### How to complete this task
Once the line containing "Доступ в закрытый" is found in the records below, return it and each following line exactly, up to and including the line containing "الثانية: أولاد المهاجرين", and nothing else.

### Given data
[Start of Attachment]
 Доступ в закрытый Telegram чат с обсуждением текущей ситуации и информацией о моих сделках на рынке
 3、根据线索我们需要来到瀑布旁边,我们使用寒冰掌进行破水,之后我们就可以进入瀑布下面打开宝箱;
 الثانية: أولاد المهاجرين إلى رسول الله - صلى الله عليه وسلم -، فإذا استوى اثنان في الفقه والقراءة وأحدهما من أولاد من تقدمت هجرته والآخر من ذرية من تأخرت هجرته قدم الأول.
[End of Attachment]
[Start of Attachment]
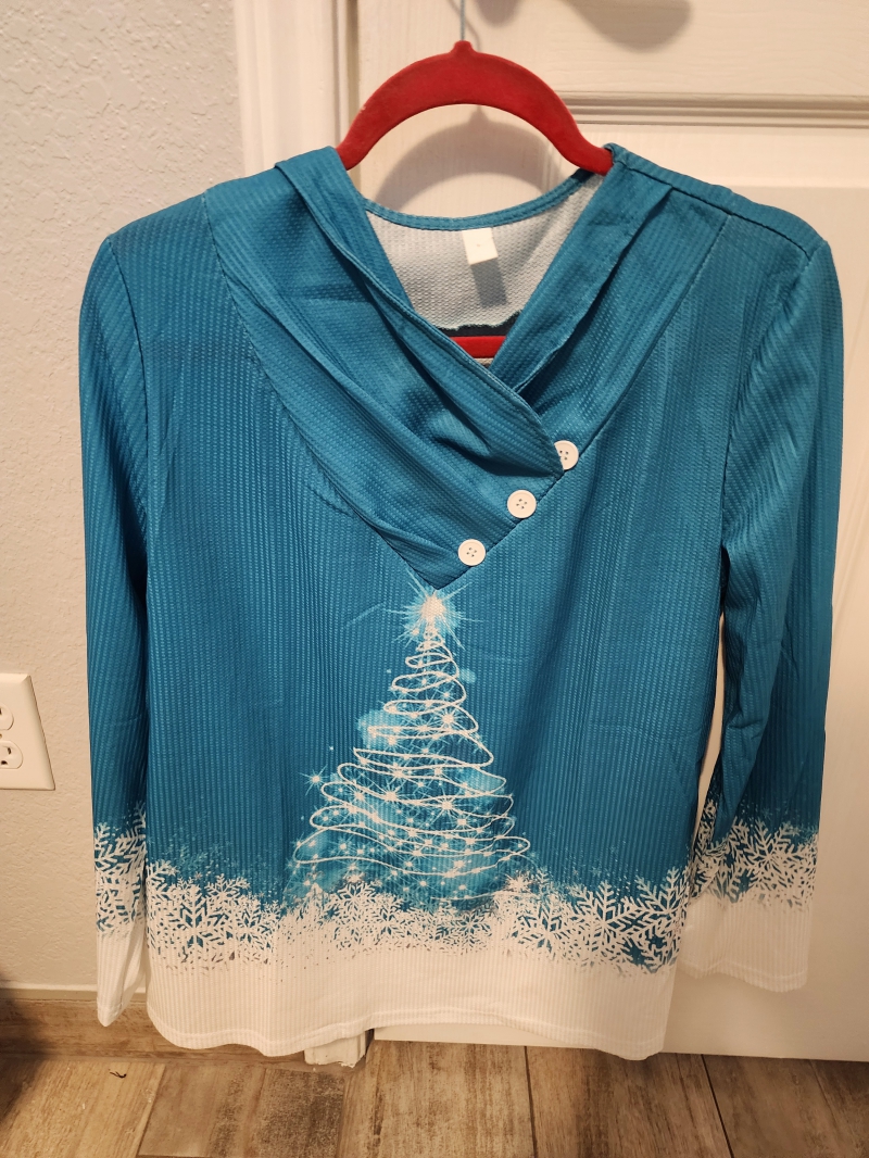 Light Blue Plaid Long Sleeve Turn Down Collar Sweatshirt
[End of Attachment]
[Start of Attachment]
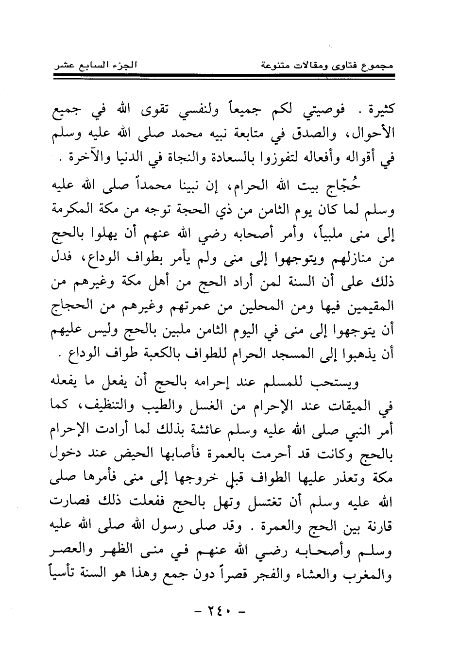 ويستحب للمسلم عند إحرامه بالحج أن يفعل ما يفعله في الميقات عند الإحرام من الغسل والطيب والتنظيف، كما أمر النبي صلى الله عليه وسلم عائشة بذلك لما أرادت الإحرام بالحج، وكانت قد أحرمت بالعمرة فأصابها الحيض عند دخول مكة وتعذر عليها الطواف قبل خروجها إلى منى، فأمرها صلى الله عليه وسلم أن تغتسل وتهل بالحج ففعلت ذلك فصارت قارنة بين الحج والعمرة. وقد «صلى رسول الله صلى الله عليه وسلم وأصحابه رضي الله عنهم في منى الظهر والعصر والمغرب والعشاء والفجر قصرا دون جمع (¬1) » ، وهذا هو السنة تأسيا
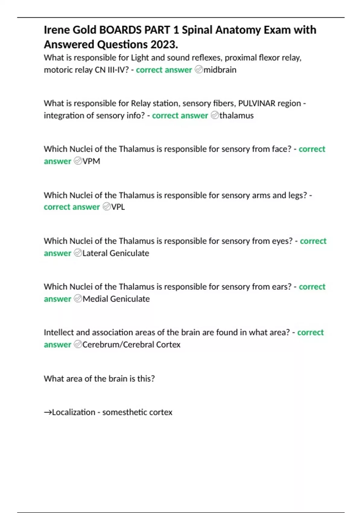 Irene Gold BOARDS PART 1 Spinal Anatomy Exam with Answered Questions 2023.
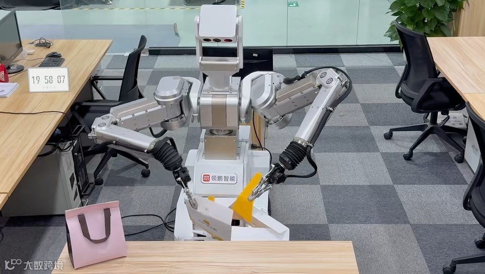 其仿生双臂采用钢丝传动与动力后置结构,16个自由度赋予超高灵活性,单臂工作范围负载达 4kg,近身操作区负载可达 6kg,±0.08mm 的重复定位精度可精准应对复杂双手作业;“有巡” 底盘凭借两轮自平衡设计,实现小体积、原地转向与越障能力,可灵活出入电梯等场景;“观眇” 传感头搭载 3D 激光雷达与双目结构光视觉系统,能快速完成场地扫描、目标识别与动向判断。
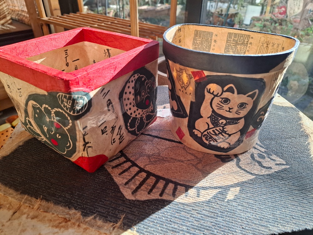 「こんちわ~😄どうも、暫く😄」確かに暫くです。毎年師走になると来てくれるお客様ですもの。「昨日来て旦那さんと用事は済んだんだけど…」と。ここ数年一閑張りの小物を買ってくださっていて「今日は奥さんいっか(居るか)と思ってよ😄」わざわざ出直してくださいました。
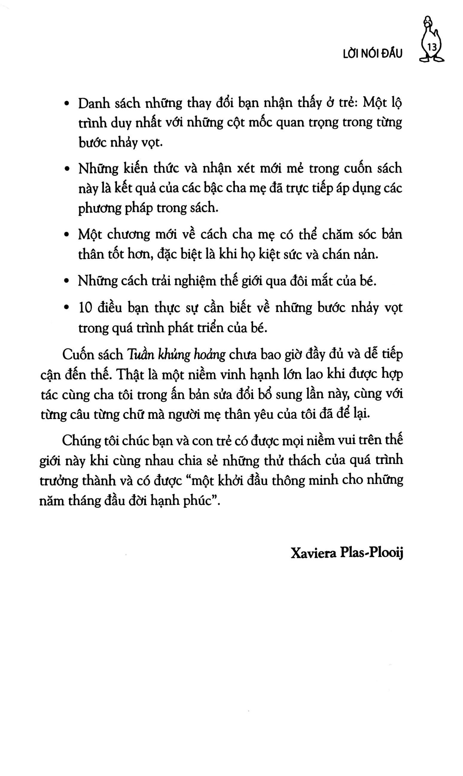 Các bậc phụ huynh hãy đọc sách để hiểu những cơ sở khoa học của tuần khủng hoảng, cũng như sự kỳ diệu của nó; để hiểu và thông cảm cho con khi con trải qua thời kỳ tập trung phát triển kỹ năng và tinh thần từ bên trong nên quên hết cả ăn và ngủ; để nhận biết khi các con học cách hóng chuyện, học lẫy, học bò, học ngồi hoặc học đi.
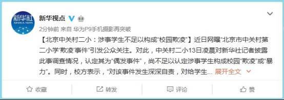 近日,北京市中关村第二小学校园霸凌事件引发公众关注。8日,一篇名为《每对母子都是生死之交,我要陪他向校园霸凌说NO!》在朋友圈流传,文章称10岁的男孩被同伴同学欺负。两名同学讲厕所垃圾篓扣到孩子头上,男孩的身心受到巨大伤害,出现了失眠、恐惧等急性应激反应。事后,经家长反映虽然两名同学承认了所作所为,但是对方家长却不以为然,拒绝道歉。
[End of Attachment]
### Answer space
 Доступ в закрытый Telegram чат с обсуждением текущей ситуации и информацией о моих сделках на рынке
 3、根据线索我们需要来到瀑布旁边,我们使用寒冰掌进行破水,之后我们就可以进入瀑布下面打开宝箱;
 الثانية: أولاد المهاجرين إلى رسول الله - صلى الله عليه وسلم -، فإذا استوى اثنان في الفقه والقراءة وأحدهما من أولاد من تقدمت هجرته والآخر من ذرية من تأخرت هجرته قدم الأول.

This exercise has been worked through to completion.